Repeat exactly the lines of the material below that run from the "shining through it" line to the "浙江省杭州市2025届高二下学期6月期末考试生物" line, including both, and do not carry over any pictures.
---- RECORDED INFORMATION
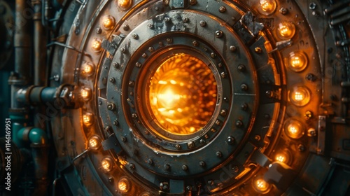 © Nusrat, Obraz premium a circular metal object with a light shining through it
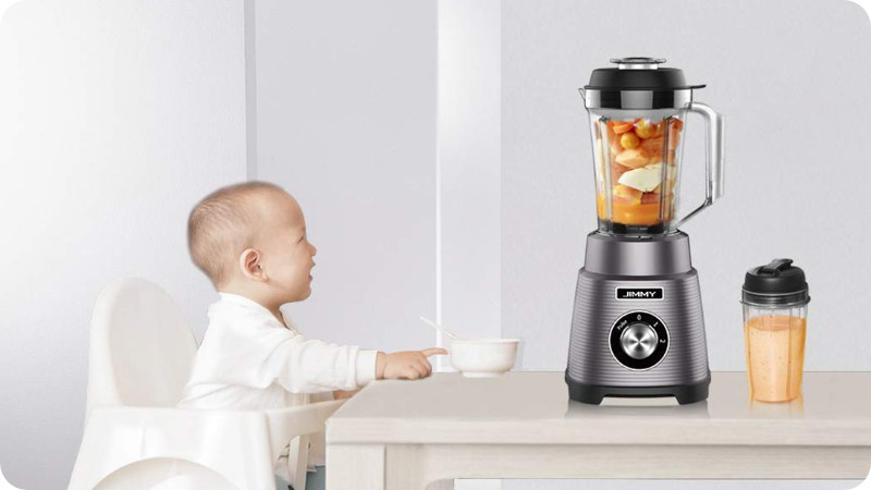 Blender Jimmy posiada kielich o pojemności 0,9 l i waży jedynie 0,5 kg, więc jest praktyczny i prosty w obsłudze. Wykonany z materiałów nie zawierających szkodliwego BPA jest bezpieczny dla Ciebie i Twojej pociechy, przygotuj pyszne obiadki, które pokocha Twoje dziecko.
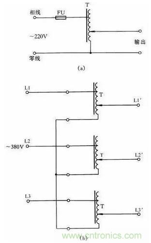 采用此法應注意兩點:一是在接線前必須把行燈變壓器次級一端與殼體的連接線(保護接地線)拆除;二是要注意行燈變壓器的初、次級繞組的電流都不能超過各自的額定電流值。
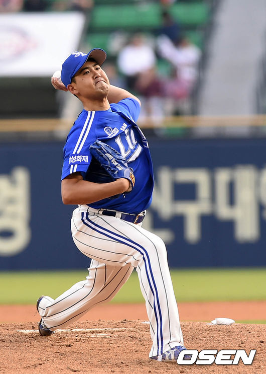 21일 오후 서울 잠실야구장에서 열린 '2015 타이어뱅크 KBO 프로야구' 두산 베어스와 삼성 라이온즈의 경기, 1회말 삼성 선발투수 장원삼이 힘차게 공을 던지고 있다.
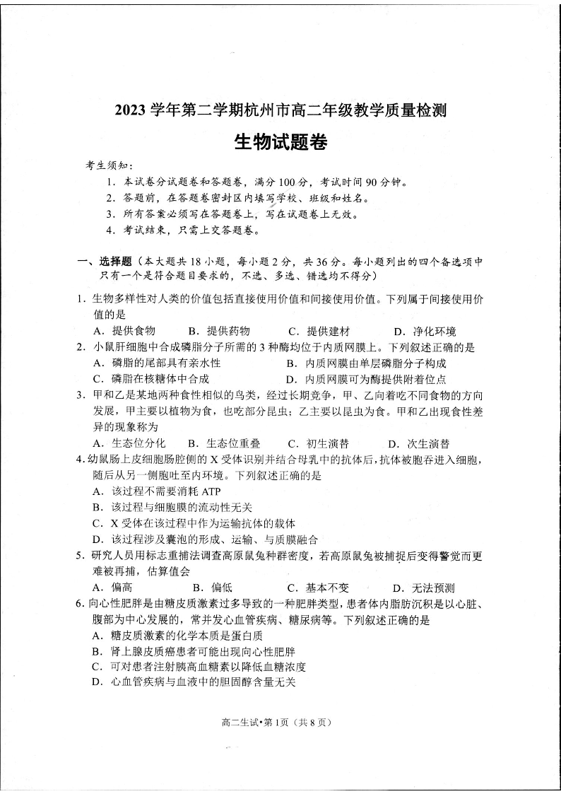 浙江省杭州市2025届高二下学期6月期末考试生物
--------
---- RECORDED INFORMATION
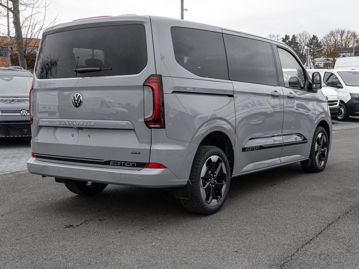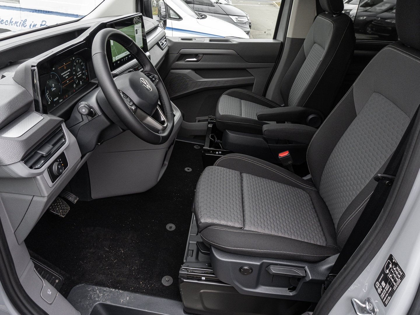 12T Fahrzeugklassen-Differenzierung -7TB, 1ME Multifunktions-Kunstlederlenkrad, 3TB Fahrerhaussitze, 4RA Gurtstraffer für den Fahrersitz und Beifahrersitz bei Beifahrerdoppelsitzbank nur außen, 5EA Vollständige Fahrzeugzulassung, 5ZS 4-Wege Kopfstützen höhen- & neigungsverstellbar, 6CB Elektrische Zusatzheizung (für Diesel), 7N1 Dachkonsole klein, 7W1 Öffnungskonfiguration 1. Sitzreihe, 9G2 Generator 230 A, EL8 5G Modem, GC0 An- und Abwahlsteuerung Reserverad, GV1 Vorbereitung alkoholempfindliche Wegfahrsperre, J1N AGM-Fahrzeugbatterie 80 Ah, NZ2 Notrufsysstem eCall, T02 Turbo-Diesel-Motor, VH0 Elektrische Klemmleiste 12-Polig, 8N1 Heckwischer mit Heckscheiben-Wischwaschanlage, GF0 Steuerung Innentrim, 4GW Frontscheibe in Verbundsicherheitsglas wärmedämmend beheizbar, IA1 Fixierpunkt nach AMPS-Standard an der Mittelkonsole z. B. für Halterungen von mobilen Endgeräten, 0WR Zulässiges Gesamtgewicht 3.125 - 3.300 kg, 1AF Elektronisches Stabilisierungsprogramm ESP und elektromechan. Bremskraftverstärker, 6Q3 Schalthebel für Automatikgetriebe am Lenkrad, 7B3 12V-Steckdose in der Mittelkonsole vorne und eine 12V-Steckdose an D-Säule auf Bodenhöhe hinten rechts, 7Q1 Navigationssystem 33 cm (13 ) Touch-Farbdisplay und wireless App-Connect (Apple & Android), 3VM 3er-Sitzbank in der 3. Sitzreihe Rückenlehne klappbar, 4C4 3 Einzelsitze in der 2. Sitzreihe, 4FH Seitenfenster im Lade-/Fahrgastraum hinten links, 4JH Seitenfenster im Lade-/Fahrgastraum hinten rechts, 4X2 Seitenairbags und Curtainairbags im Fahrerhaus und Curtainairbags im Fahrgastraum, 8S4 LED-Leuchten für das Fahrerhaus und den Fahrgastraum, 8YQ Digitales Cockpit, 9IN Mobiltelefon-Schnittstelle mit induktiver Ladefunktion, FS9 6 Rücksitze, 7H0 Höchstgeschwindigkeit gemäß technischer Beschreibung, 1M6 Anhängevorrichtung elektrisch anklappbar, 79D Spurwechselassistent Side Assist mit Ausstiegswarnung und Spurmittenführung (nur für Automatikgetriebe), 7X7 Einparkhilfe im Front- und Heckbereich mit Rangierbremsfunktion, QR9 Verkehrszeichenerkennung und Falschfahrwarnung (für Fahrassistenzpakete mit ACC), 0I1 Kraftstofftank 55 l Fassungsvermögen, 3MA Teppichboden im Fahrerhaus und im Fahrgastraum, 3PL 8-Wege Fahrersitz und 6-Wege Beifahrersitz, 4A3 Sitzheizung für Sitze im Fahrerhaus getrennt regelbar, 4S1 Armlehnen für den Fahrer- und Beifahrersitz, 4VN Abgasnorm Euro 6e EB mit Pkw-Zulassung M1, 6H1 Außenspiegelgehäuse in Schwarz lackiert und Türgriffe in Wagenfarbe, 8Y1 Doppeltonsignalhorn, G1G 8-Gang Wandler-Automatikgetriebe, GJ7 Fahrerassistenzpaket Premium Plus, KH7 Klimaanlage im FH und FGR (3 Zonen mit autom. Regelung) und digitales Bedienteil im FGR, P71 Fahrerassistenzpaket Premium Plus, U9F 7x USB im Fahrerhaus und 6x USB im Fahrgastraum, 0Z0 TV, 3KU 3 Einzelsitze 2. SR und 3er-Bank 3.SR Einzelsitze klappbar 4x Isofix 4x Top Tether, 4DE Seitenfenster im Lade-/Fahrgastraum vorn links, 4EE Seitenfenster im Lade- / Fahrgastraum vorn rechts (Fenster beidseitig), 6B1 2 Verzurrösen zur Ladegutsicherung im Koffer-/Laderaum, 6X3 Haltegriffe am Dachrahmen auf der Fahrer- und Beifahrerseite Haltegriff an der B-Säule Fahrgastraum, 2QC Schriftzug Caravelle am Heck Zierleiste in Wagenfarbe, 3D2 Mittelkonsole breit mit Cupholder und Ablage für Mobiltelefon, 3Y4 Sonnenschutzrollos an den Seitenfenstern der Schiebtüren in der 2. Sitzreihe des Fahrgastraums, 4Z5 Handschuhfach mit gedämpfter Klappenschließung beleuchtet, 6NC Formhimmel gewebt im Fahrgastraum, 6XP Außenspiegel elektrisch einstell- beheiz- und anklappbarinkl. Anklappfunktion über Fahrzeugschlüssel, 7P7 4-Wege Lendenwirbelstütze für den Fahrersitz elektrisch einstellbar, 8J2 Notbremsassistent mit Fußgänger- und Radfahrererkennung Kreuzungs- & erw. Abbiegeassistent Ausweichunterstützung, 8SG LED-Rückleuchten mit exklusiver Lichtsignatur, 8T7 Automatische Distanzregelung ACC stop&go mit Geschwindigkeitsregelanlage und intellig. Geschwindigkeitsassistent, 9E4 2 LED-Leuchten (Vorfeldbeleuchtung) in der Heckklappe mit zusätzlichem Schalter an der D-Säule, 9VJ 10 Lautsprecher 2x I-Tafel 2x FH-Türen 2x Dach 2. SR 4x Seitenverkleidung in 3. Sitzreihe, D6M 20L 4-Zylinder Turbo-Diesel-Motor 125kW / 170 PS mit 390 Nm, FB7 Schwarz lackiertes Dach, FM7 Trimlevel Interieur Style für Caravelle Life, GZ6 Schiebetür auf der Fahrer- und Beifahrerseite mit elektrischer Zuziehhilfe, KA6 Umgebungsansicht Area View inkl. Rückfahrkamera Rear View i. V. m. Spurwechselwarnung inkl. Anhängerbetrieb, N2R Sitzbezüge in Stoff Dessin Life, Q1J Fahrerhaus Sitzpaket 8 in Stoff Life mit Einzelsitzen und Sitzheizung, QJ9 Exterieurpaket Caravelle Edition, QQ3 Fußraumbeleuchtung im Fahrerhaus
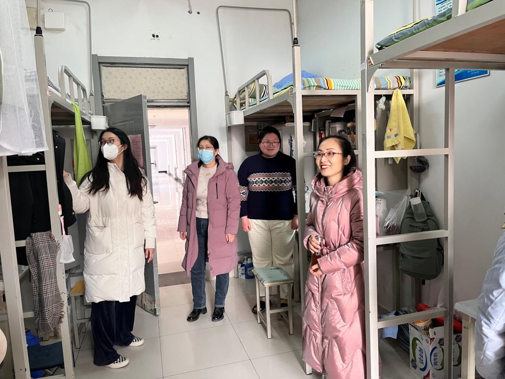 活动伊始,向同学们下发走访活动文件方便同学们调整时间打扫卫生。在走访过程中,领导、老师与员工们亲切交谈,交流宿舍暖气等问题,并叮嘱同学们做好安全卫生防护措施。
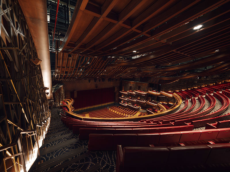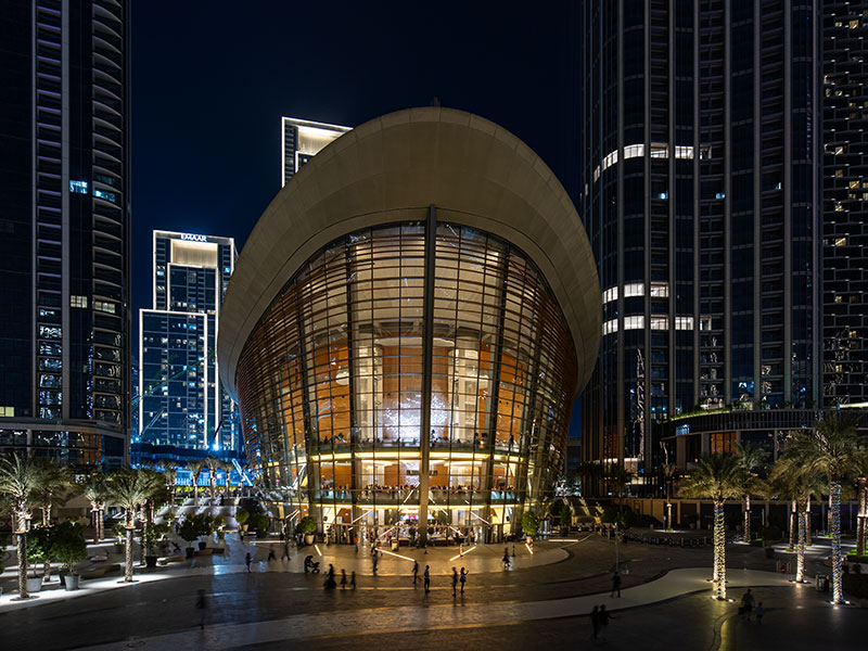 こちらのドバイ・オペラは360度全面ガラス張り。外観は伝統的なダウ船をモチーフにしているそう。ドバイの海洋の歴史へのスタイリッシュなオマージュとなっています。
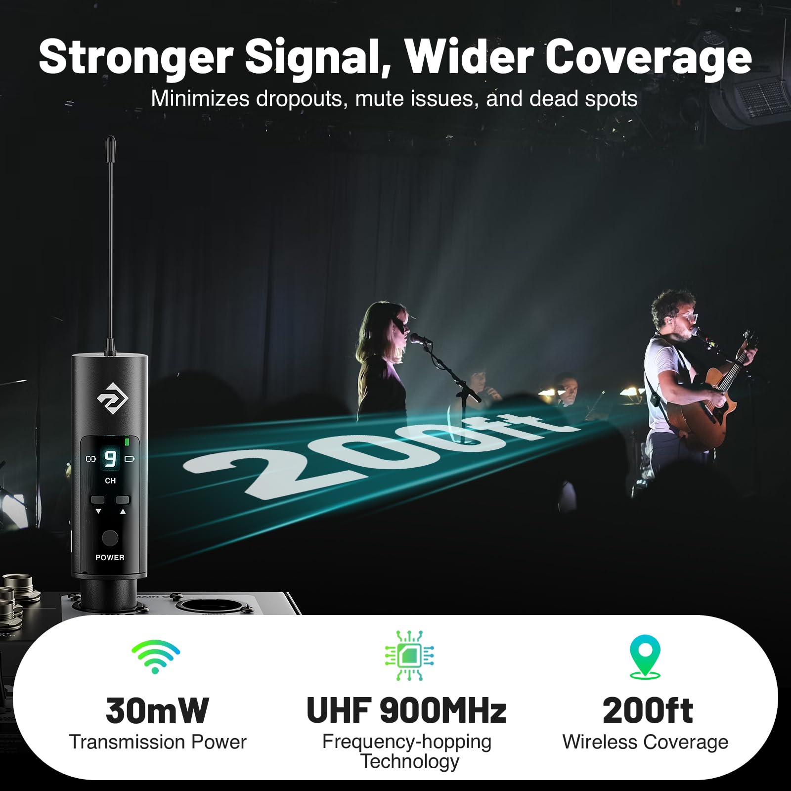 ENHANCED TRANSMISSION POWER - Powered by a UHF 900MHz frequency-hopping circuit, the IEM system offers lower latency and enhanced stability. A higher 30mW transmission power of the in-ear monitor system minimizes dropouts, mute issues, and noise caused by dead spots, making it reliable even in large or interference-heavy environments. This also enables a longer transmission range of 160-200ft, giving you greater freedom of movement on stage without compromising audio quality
--------
> [YOUR SOLUTION]:
 © Nusrat, Obraz premium a circular metal object with a light shining through it
 Blender Jimmy posiada kielich o pojemności 0,9 l i waży jedynie 0,5 kg, więc jest praktyczny i prosty w obsłudze. Wykonany z materiałów nie zawierających szkodliwego BPA jest bezpieczny dla Ciebie i Twojej pociechy, przygotuj pyszne obiadki, które pokocha Twoje dziecko.
 采用此法應注意兩點:一是在接線前必須把行燈變壓器次級一端與殼體的連接線(保護接地線)拆除;二是要注意行燈變壓器的初、次級繞組的電流都不能超過各自的額定電流值。
 21일 오후 서울 잠실야구장에서 열린 '2015 타이어뱅크 KBO 프로야구' 두산 베어스와 삼성 라이온즈의 경기, 1회말 삼성 선발투수 장원삼이 힘차게 공을 던지고 있다.
 浙江省杭州市2025届高二下学期6月期末考试生物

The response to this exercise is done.